Task item:
Leave out the pictures and restate exactly, and only, the lines from the one that contains "นายศักดิ์กรียา บิลแสละ ประธานกรรมการอิสลามประจำจังหวัดสงขลา" through the final line of the material below.

Supplied data:
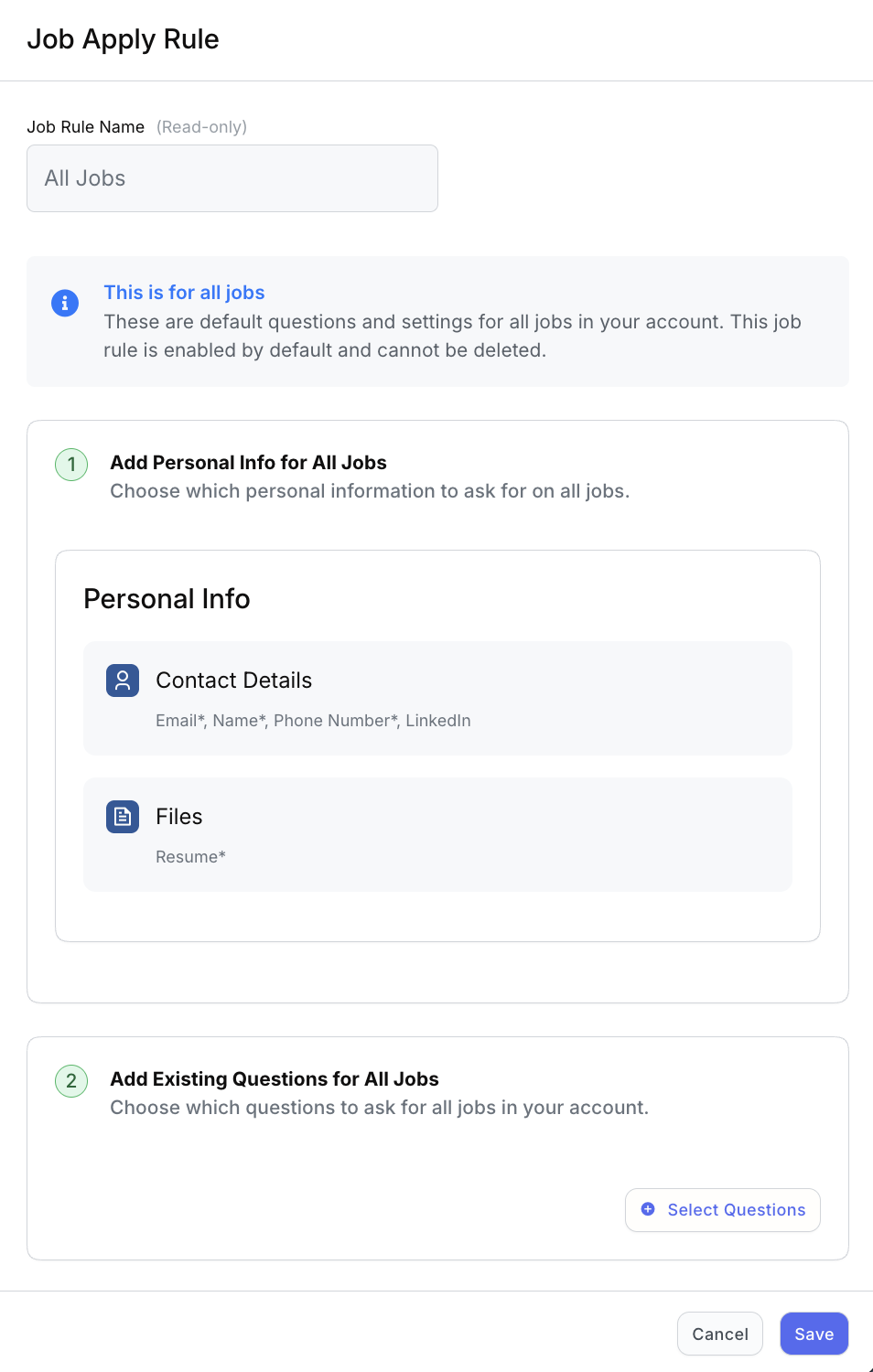 When your criteria, personal info fields, and questions are complete, click Save on the Job Apply Rule slide-out.
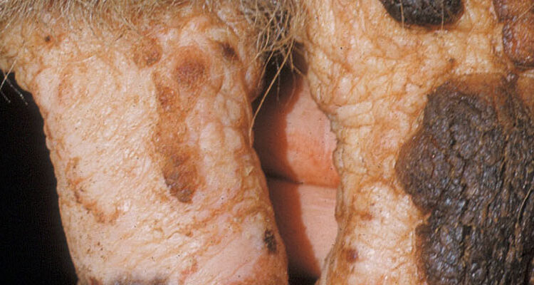 اما في الثيران فتشاهد الآفات على الصفن و يمكن ان تظهر الآفات في العجول الرضيعة حول الفم.
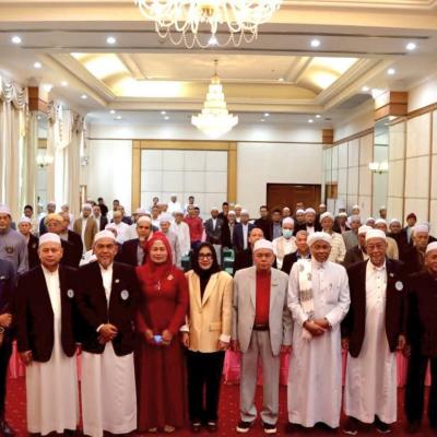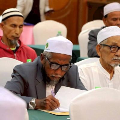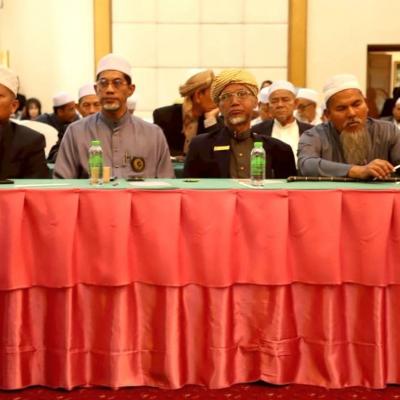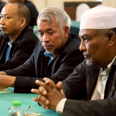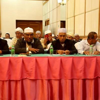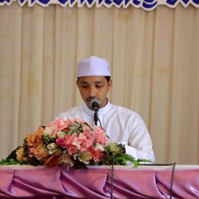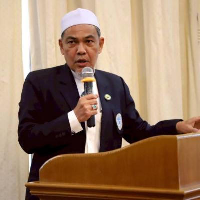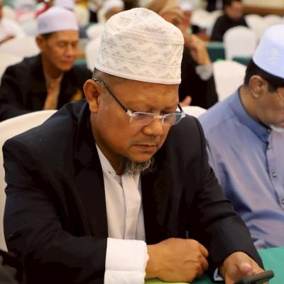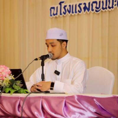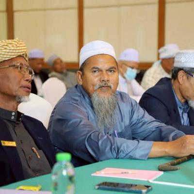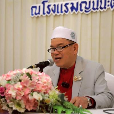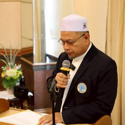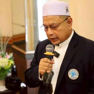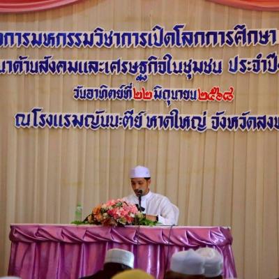 นายศักดิ์กรียา บิลแสละ ประธานกรรมการอิสลามประจำจังหวัดสงขลา ประธานสมาพันธ์คณะกรรมการอิสลามประจำจังหวัด 15 จังหวัดภาคใต้ // กล่าวให้โอวาท
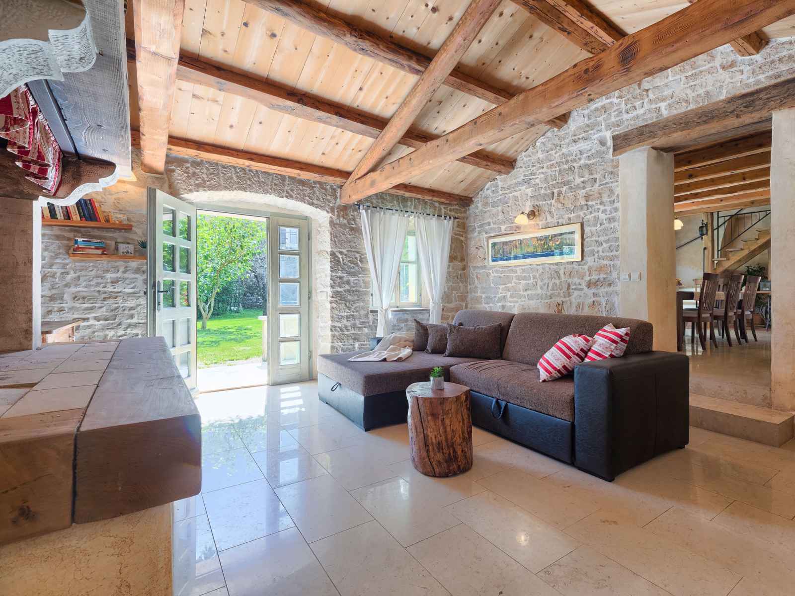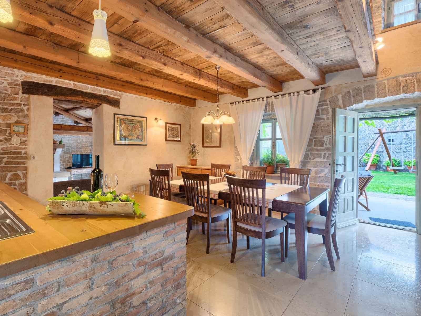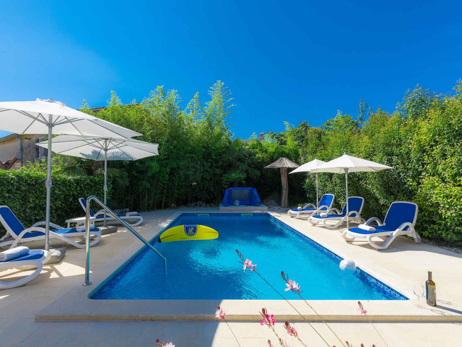 Maison individuelle "hrelja". À 5 km du centre de zminj, à 15 km du centre de pazin, à 25 km du centre de rovinj, à 25 km de la mer. a usage privé: terrain 1'800 m2 (clôturé) avec pelouse et arbres, piscine (7 x 3 m, 24 m2, profondeur 135 cm, disponibilité saisonnière: 01.mai. - 05.nov.). douche extérieure, ping-pong, volley ball,
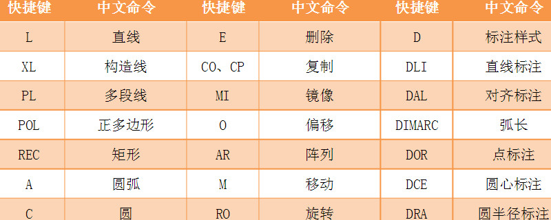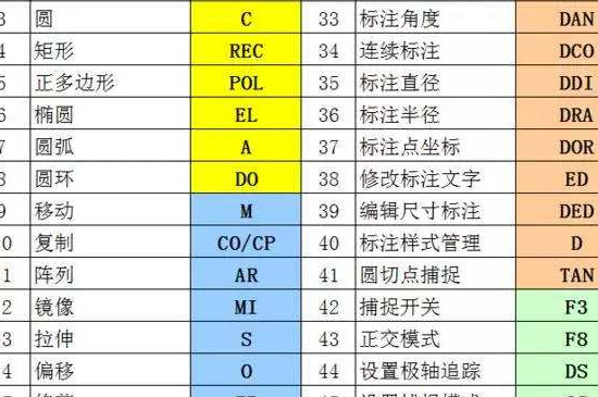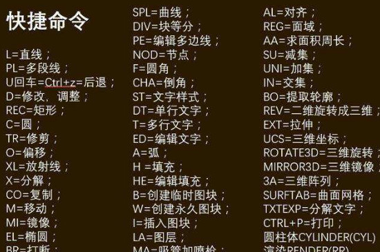 常用的cad绘图命令快捷键有PO画点,L画直线,XL画射线,PL画多段线等。常用的cad修改命令快捷键有复制CO,镜像MI,阵列AR,偏移O,旋转RO等。

Problem solution:
 นายศักดิ์กรียา บิลแสละ ประธานกรรมการอิสลามประจำจังหวัดสงขลา ประธานสมาพันธ์คณะกรรมการอิสลามประจำจังหวัด 15 จังหวัดภาคใต้ // กล่าวให้โอวาท
 Maison individuelle "hrelja". À 5 km du centre de zminj, à 15 km du centre de pazin, à 25 km du centre de rovinj, à 25 km de la mer. a usage privé: terrain 1'800 m2 (clôturé) avec pelouse et arbres, piscine (7 x 3 m, 24 m2, profondeur 135 cm, disponibilité saisonnière: 01.mai. - 05.nov.). douche extérieure, ping-pong, volley ball,
 常用的cad绘图命令快捷键有PO画点,L画直线,XL画射线,PL画多段线等。常用的cad修改命令快捷键有复制CO,镜像MI,阵列AR,偏移O,旋转RO等。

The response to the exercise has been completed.